(Stored data)
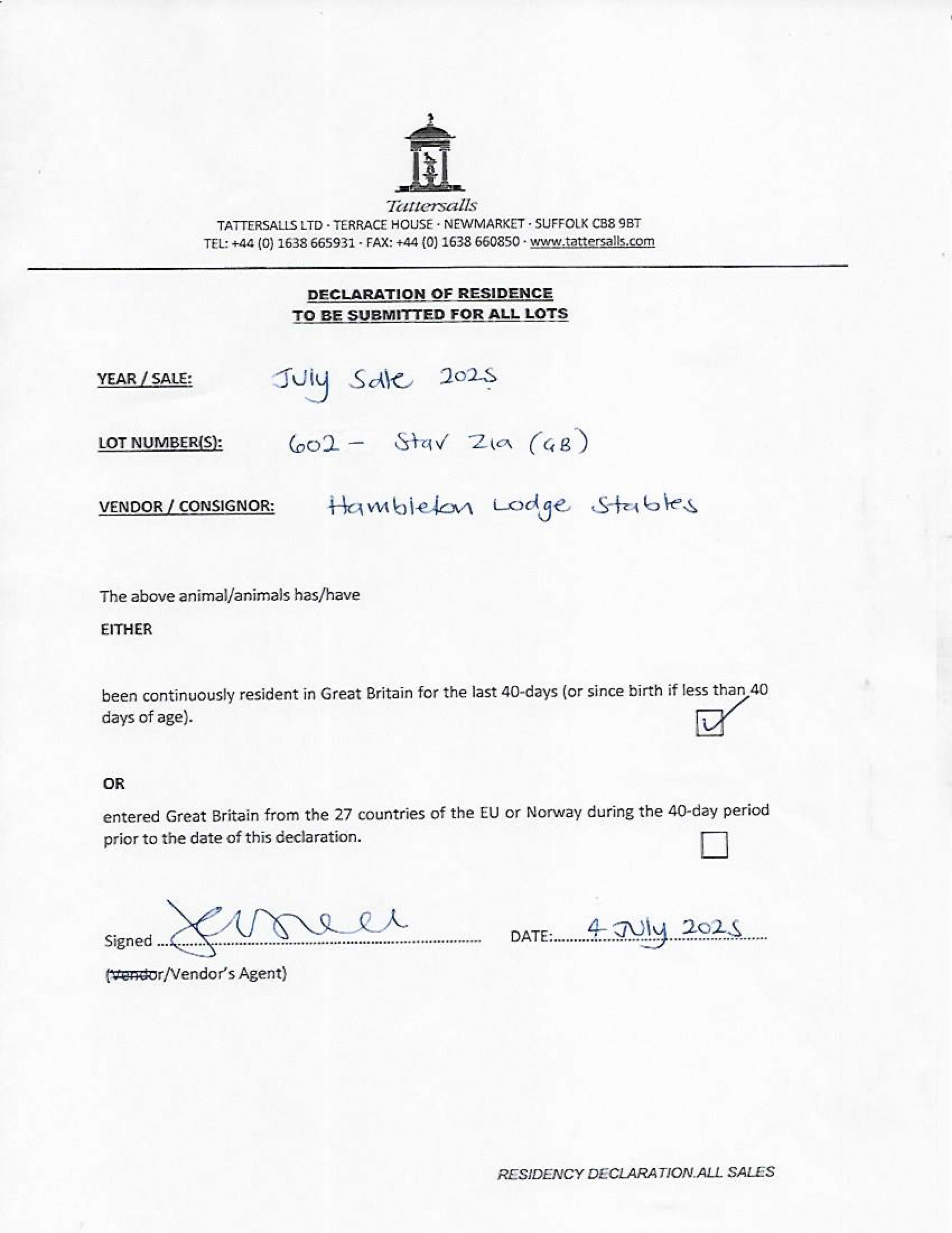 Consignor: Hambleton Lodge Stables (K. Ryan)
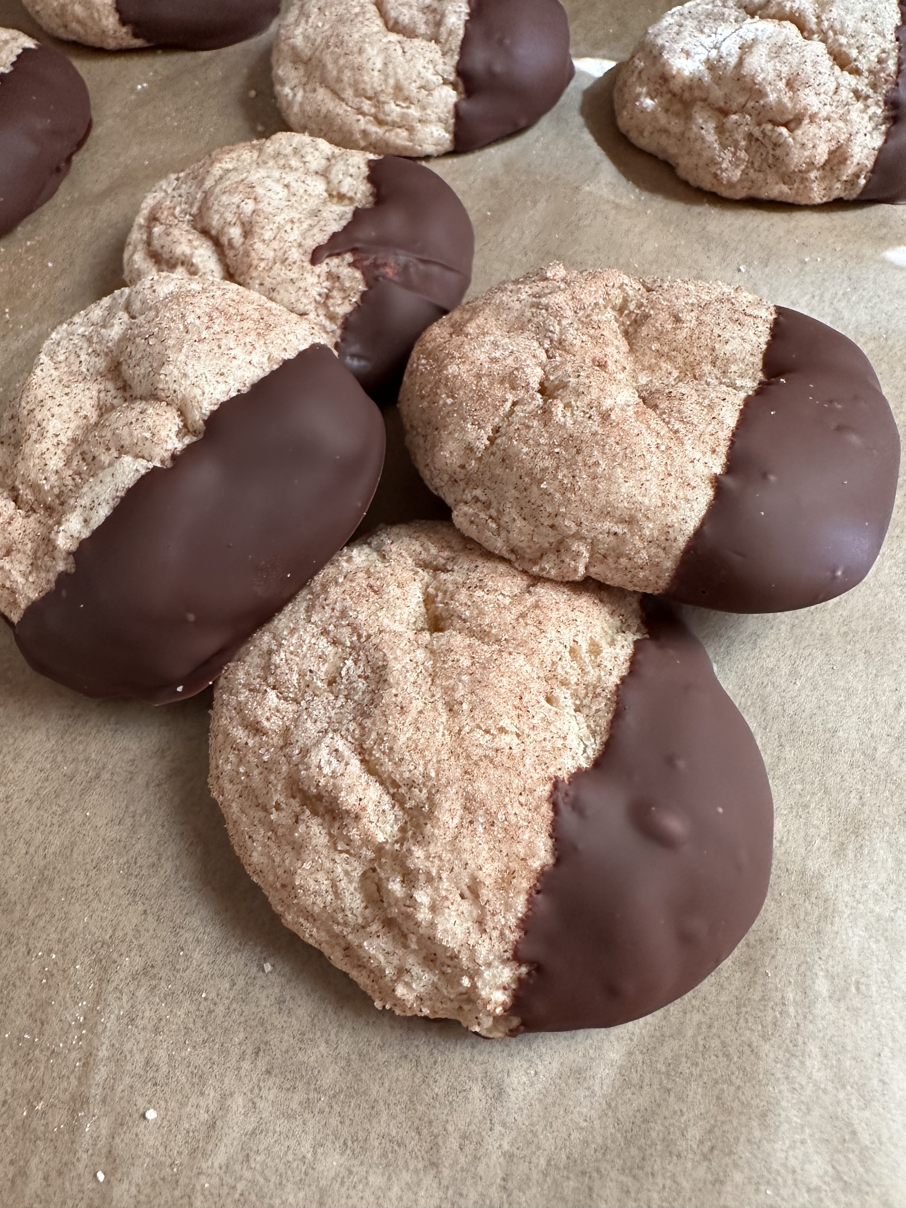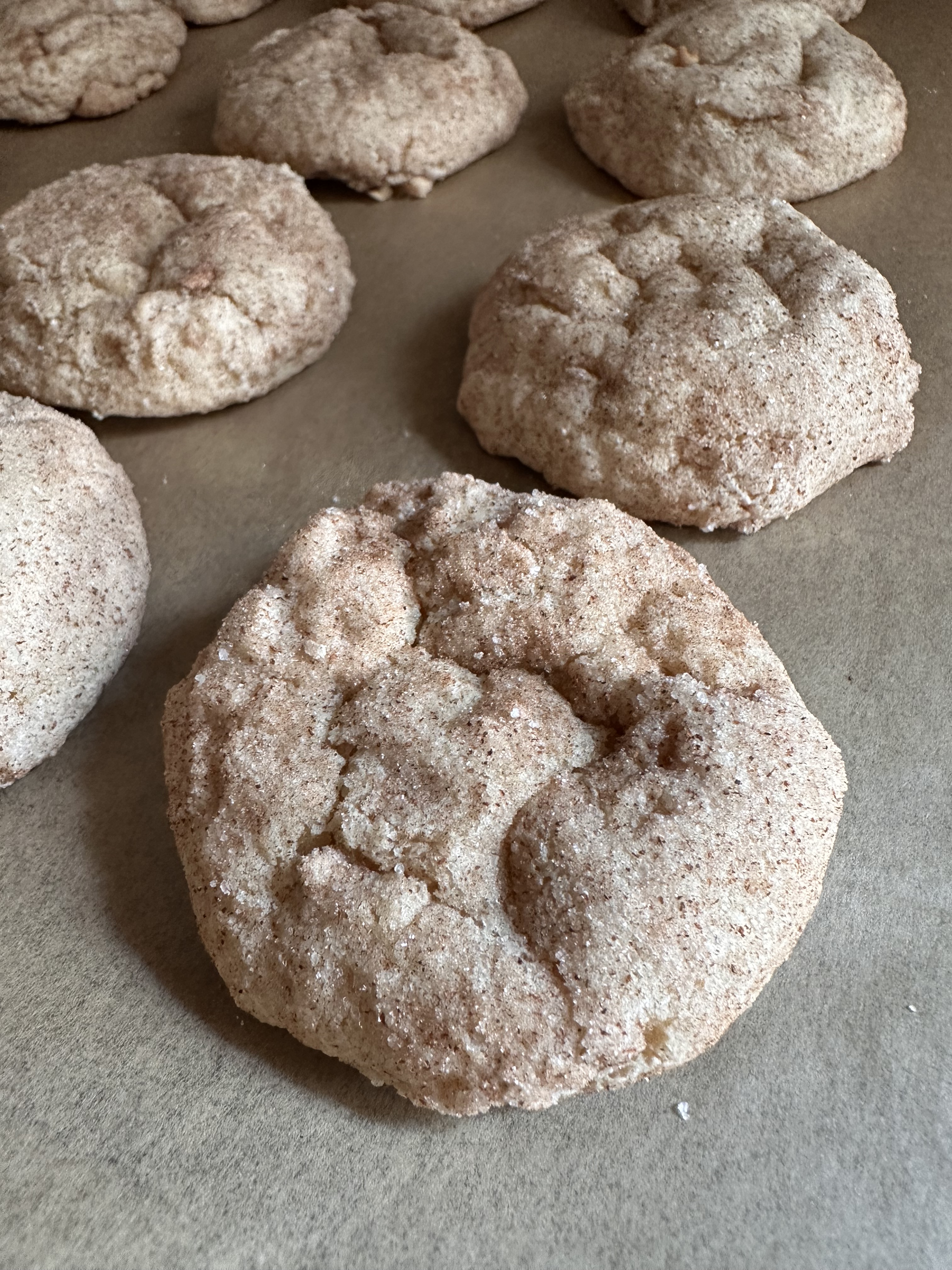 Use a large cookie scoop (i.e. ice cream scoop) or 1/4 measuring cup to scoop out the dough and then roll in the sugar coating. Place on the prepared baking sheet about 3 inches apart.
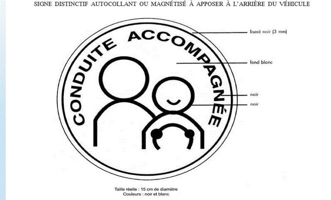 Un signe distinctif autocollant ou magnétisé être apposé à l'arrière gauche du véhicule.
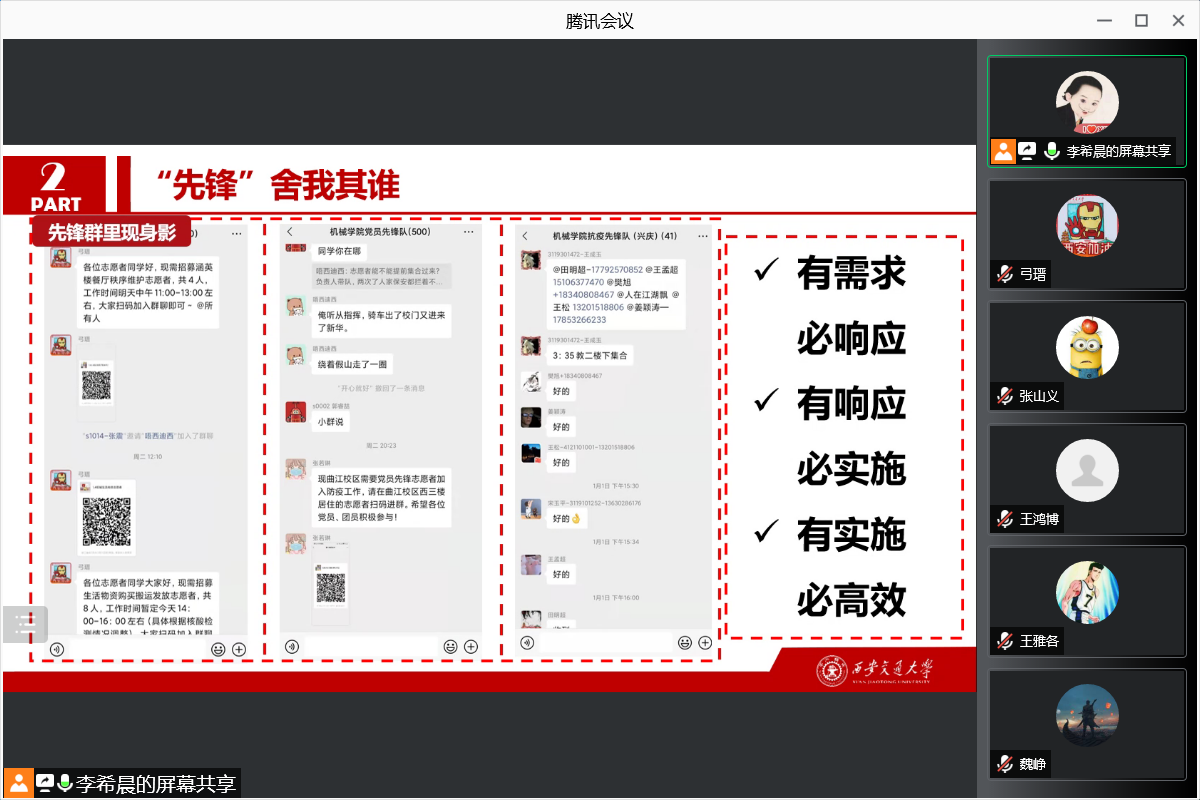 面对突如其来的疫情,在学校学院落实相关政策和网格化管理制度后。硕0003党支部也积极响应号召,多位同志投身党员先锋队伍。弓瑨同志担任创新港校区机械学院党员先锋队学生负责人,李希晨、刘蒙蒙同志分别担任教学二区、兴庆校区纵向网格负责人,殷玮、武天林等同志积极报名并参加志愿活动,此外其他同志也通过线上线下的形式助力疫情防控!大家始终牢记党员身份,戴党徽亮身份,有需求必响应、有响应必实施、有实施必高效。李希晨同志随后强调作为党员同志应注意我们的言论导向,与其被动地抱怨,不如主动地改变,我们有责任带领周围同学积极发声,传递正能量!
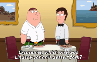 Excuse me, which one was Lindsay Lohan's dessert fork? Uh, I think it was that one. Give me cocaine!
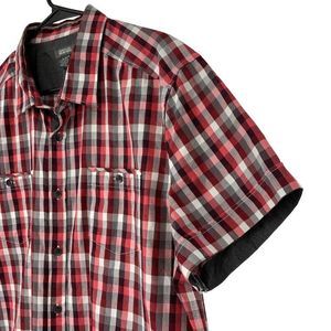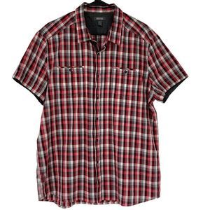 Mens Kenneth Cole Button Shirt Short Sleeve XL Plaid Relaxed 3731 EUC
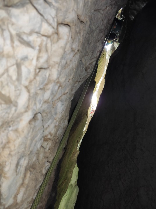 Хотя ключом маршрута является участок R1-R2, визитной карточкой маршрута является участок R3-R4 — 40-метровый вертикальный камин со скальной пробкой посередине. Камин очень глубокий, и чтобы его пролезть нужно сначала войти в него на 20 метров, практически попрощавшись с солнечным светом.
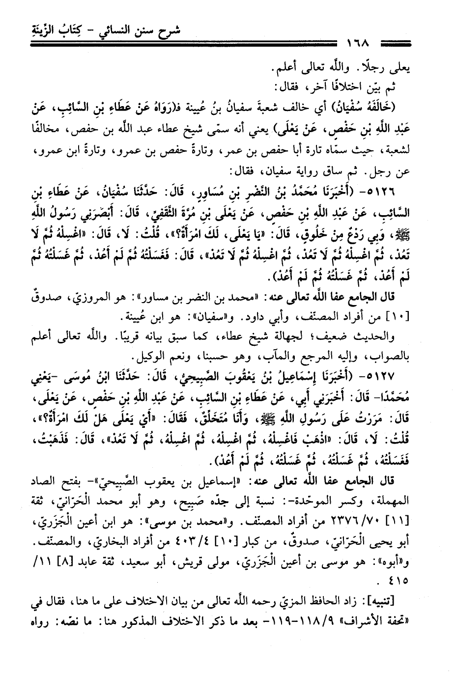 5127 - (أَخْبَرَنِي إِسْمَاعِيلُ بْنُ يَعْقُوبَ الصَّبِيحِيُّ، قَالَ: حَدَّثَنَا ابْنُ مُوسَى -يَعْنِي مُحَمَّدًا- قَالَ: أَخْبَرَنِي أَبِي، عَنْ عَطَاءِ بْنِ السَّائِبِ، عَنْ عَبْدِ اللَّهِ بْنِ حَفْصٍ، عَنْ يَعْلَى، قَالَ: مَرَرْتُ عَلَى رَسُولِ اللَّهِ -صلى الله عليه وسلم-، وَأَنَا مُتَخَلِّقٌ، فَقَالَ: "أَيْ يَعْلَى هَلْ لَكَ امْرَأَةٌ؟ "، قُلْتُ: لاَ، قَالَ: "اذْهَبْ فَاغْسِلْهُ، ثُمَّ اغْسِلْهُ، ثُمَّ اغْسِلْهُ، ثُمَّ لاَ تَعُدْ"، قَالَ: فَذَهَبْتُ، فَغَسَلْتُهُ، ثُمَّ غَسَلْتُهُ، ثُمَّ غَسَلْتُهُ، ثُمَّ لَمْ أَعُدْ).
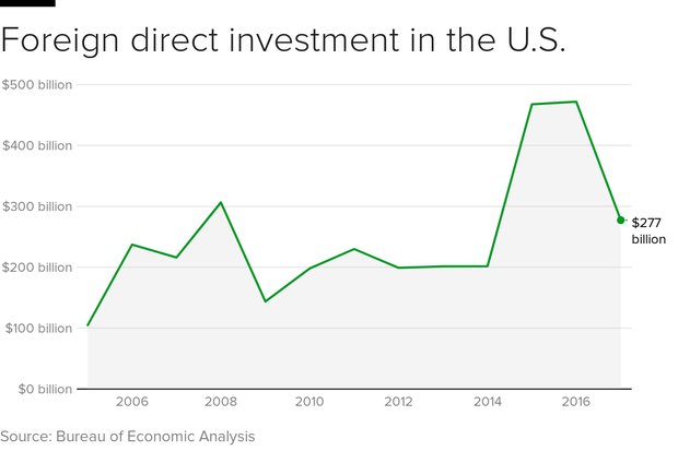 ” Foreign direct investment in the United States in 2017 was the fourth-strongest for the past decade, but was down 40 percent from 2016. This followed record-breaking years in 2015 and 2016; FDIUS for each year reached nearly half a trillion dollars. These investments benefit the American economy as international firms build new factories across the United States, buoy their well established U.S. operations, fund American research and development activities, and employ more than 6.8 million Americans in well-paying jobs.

EXERCISE AIM:
Your copy should match the data above exactly, apart from the pictures.

OUTPUT FOR THIS TASK:
 Consignor: Hambleton Lodge Stables (K. Ryan)
 Use a large cookie scoop (i.e. ice cream scoop) or 1/4 measuring cup to scoop out the dough and then roll in the sugar coating. Place on the prepared baking sheet about 3 inches apart.
 Un signe distinctif autocollant ou magnétisé être apposé à l'arrière gauche du véhicule.
 面对突如其来的疫情,在学校学院落实相关政策和网格化管理制度后。硕0003党支部也积极响应号召,多位同志投身党员先锋队伍。弓瑨同志担任创新港校区机械学院党员先锋队学生负责人,李希晨、刘蒙蒙同志分别担任教学二区、兴庆校区纵向网格负责人,殷玮、武天林等同志积极报名并参加志愿活动,此外其他同志也通过线上线下的形式助力疫情防控!大家始终牢记党员身份,戴党徽亮身份,有需求必响应、有响应必实施、有实施必高效。李希晨同志随后强调作为党员同志应注意我们的言论导向,与其被动地抱怨,不如主动地改变,我们有责任带领周围同学积极发声,传递正能量!
 Excuse me, which one was Lindsay Lohan's dessert fork? Uh, I think it was that one. Give me cocaine!
 Mens Kenneth Cole Button Shirt Short Sleeve XL Plaid Relaxed 3731 EUC
 Хотя ключом маршрута является участок R1-R2, визитной карточкой маршрута является участок R3-R4 — 40-метровый вертикальный камин со скальной пробкой посередине. Камин очень глубокий, и чтобы его пролезть нужно сначала войти в него на 20 метров, практически попрощавшись с солнечным светом.
 5127 - (أَخْبَرَنِي إِسْمَاعِيلُ بْنُ يَعْقُوبَ الصَّبِيحِيُّ، قَالَ: حَدَّثَنَا ابْنُ مُوسَى -يَعْنِي مُحَمَّدًا- قَالَ: أَخْبَرَنِي أَبِي، عَنْ عَطَاءِ بْنِ السَّائِبِ، عَنْ عَبْدِ اللَّهِ بْنِ حَفْصٍ، عَنْ يَعْلَى، قَالَ: مَرَرْتُ عَلَى رَسُولِ اللَّهِ -صلى الله عليه وسلم-، وَأَنَا مُتَخَلِّقٌ، فَقَالَ: "أَيْ يَعْلَى هَلْ لَكَ امْرَأَةٌ؟ "، قُلْتُ: لاَ، قَالَ: "اذْهَبْ فَاغْسِلْهُ، ثُمَّ اغْسِلْهُ، ثُمَّ اغْسِلْهُ، ثُمَّ لاَ تَعُدْ"، قَالَ: فَذَهَبْتُ، فَغَسَلْتُهُ، ثُمَّ غَسَلْتُهُ، ثُمَّ غَسَلْتُهُ، ثُمَّ لَمْ أَعُدْ).
 ” Foreign direct investment in the United States in 2017 was the fourth-strongest for the past decade, but was down 40 percent from 2016. This followed record-breaking years in 2015 and 2016; FDIUS for each year reached nearly half a trillion dollars. These investments benefit the American economy as international firms build new factories across the United States, buoy their well established U.S. operations, fund American research and development activities, and employ more than 6.8 million Americans in well-paying jobs.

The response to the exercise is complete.